Just another thought...I have a photo of a half model of these boats. Will put it in the Fishing Vessels gallery to see if that helps.


----------



## Chris Field (Apr 3, 2005)

*cutty sark*

While I was a cadet on HMS Worcester in 1950-52 (for the unknowing, being trained for going to sea as a deck-apprentice) I once had to row a LLoyds inspector across to the Cutty Sark, which was moored nearby, off Greenhithe, Kent.
As well as doing all the usual inspection duties he showed me a few interesting details- the one that has stuck in my mind was his thrusting his knife into the hull-timbers to show me how to check their state- only to have the blade snap off at the hilt, much to his amazement... Long Live Cutty!


----------



## treeve (Nov 15, 2005)

List of Loch Lomond Steamers at
http://myweb.tiscali.co.uk/tramways/LochLomond.htm

I have an interest in the Cutty Sark and Scottish Maid.
Particularly because of Captain JL Vivian Millett.
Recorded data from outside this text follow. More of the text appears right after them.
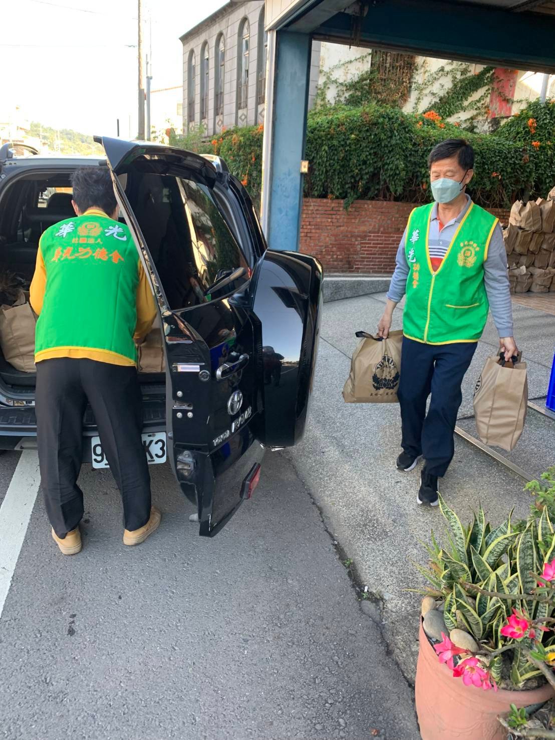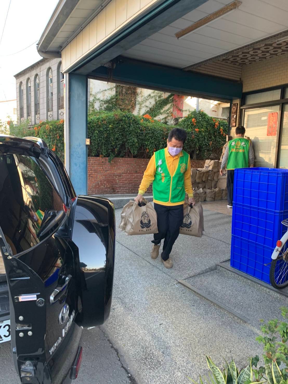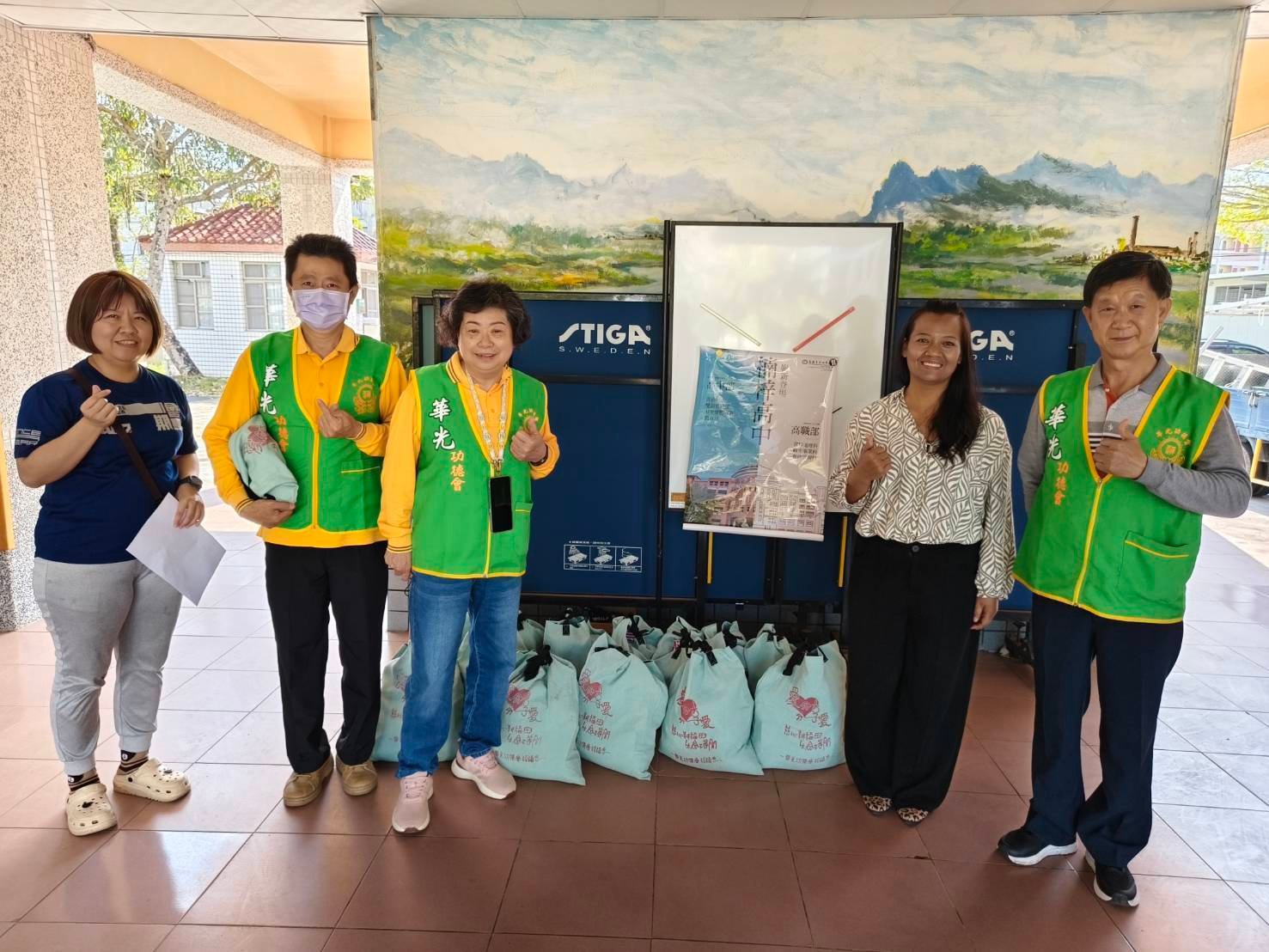 當天,由李明村校長、黃柏皓會長與龔素節師姐、陳世良師兄親力親為,一早便開始忙碌地整理、搬運物資。從車廂將一袋袋沉甸甸的物資接力搬出,志工們不辭辛勞的來回穿梭,每一滴汗水都蘊含著對孩子們的深深關懷。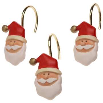 Festive Santa Claus Ceramic Resin Shower Curtain Hooks - Set of 12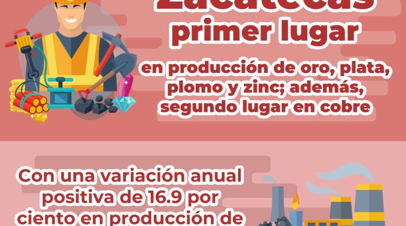 Zacatecas, Zac., 22 octubre de 2025.- Zacatecas continúa su consolidación como el corazón minero de México, al mantenerse como líder nacional en la producción de oro, plata, plomo y zinc, y ocupar el segundo lugar en cobre, de acuerdo con los datos más recientes publicados por el Instituto Nacional de Estadística y Geografía (INEGI), correspondientes a la producción minera de agosto de 2025.

What dates do you think are relevant to the steam vessels
you are researching? Do you have any idea of Port Registration
for the Firth of Tay vessel?


----------



## grahamtowa (May 27, 2006)

Hi, have got some more info yesterday.The Loch Lomond one was never a fishing vessel. It was built 1897 for Robt. Ferguson of Loch Lomond, and was named Stag. It was a 48ft pleasure craft, and left the builders yard by rail to be fitted with boiler and engine at Loch Lomond.
This, therefore casts doubt on whether the firth of Tay boat was a fishing boat. Maybe it was also a pleasure craft...
My original info, such as it was, was from the builder's(James Mowatt) obituary in 1920.Looks like it wasn't 100% accurate. Any more info on either vessel will be really appreciated. Many thanks. See also builders half-model in fishing vessels gallery.


----------